FAIRBANKS (AP) -- You would think being in the snowmachine business would be a good gamble in Fairbanks, Alaska.
But this year the white stuff is scarce.
''We do the snow dance nightly,'' said John Haddad, co-owner of Polaris Outpost, a shop that sells Polaris snowmachines. Sales are not robust, he said.
Weather forecasters and snowmachine enthusiasts alike are scratching their hatless heads waiting for snow and cold.
''There isn't going to be any for quite some time, at least not this week,'' said Marvin Percha, National Weather Service meteorologist. Percha blames a warm southerly wind that dumps all its moisture in the form of rain south of the Alaska Range. There's not much left for the Interior, he said.
The lack of snow has prompted one snowmobile business to cajole on the radio, ''If you buy it, it will snow.''
The scant snow cover hasn't helped Polaris Outposts' repair shop either, Haddad said. But the snowmachine store shares retail space with the Harley Davidson Farthest North Outpost and since this is Harley's 100th anniversary, motorcycles are moving out of the store, Haddad said. He also has plenty of snowmachine and motorcycles accessories that make good Christmas gifts.
''We've got plenty to keep us busy,'' he said.

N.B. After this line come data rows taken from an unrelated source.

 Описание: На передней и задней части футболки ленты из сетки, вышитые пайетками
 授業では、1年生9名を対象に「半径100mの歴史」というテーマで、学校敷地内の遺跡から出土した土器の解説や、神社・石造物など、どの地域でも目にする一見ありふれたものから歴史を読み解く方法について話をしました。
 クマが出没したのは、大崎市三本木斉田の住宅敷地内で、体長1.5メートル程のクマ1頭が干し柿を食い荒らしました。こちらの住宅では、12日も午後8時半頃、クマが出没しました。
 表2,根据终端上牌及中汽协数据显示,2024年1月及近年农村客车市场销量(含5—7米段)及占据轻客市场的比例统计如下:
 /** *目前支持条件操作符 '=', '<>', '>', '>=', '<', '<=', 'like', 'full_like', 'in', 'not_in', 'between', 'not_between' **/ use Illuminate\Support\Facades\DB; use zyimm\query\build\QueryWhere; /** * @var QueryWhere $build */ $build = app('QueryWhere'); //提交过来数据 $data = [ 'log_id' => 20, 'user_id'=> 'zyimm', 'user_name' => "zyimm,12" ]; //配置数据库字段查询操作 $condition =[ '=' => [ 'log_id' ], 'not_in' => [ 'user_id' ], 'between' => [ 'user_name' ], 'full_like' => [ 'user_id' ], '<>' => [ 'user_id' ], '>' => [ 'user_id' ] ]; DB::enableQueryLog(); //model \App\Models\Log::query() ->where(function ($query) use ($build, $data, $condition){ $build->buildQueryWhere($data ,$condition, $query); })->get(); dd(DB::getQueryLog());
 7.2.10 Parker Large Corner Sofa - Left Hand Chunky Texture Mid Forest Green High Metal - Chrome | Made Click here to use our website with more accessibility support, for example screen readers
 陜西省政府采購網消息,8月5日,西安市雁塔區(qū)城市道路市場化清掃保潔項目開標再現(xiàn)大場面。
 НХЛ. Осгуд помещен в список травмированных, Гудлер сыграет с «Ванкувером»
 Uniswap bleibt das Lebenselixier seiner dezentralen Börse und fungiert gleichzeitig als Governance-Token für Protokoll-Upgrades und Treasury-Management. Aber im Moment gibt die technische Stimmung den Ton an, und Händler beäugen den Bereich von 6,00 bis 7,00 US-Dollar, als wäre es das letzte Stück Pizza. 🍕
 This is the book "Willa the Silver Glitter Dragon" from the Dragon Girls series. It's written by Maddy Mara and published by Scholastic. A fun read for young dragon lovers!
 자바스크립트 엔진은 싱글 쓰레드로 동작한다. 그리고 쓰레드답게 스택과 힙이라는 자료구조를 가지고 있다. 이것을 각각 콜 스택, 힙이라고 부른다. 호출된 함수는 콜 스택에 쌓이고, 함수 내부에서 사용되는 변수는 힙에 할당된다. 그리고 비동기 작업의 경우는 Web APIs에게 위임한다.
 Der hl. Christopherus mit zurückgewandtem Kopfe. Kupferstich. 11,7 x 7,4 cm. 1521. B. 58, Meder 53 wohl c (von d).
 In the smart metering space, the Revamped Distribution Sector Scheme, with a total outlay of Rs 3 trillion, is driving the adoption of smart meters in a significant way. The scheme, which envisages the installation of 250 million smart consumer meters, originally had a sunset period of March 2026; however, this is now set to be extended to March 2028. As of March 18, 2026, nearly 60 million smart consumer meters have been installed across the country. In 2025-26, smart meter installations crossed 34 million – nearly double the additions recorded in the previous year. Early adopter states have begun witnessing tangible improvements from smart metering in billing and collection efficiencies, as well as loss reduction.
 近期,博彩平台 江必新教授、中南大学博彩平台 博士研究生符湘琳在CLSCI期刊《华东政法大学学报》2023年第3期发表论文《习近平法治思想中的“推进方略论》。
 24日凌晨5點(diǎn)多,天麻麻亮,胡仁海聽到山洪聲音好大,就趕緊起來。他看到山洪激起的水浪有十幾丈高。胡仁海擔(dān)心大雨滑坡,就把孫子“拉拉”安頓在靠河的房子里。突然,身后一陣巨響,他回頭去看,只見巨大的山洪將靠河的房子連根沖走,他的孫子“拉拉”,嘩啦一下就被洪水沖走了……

The sale slowdown makes it a good time to catch up on loose ends that tend to get ignored when it's busy, said Gabriele Larry, co-owner of the Alaska Fun Center.
''People are still coming in and looking,'' she said. ''As soon as it dumps, everybody is just going to go crazy. We're just waiting.''
Things are at a standstill at Sno-RV Snowmachine Rentals in Chatanika, said owner Sam Burger. The business offers snowmachine rentals and guided snowmachine tours.
''We just don't have enough to operate,'' he said. He has reservations on hold for the Thanksgiving weekend, but it looks like he'll have to call the people up and cancel, he said.
Without enough snow it looks as if the Fairbanks Snow Travelers will have to call off a planned trek from Chena Lakes Recreation Area to Chena Hot Springs scheduled for Dec. 7, said John Johnston, club president.
''It's too bad,'' he said. ''It looked like it would be a pretty nice ride.''
It's not all bad. The snow at Summit Lake, about 150 miles south of Fairbanks, is OK at the higher altitudes, he reported. ''Some of the hard-core boys are getting back up in there,'' he said.